Smith looked at the first guard for a long moment.

The first guard snapped his fingers and pointed at the ground again. The second guard didn’t move.

Smith reached inside his smock and brought out a fat envelope. He tossed it on the ground. The guard motioned for him to back up even farther, and Smith did so. The guard stooped to pick up the envelope and opened it, thumbing through the contents.

He looked up and nodded at Smith. The last of Fang’s men, who had remained behind when they came through the fence, materialized out of the gloom behind the second guard. Steel flashed, dark fluid spewed across the snow, the guard fell heavily. Almost before he hit the ground Fang’s man had recovered and pocketed the payoff.

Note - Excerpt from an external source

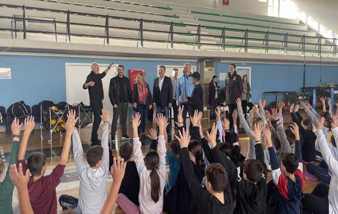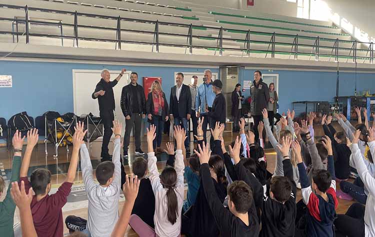 Ο δήμαρχος Ζωγράφου Βασίλης Θώδας μίλησε στους μικρούς μαθητές για τα οφέλη της άσκησης στη σωματική και πνευματική υγεία όλων, στέλνοντας το μήνυμα της συμμετοχής σε αθλητικές δραστηριότητες, όπως του Βόλεϊ.

Before the first guard could give the alarm, Fang was there, his knife sliding easily and expertly through the guard’s uniform and his ribs, up and straight into the heart, stopping it in midbeat. The guard sucked in a great breath of air, shocked eyes staring into Fang’s. He looked down at the knife, at Fang’s hand on the hilt, as if he couldn’t believe it, and then he, too, fell, the knife sliding free, the blade stained a dark purple in the lights of the yard.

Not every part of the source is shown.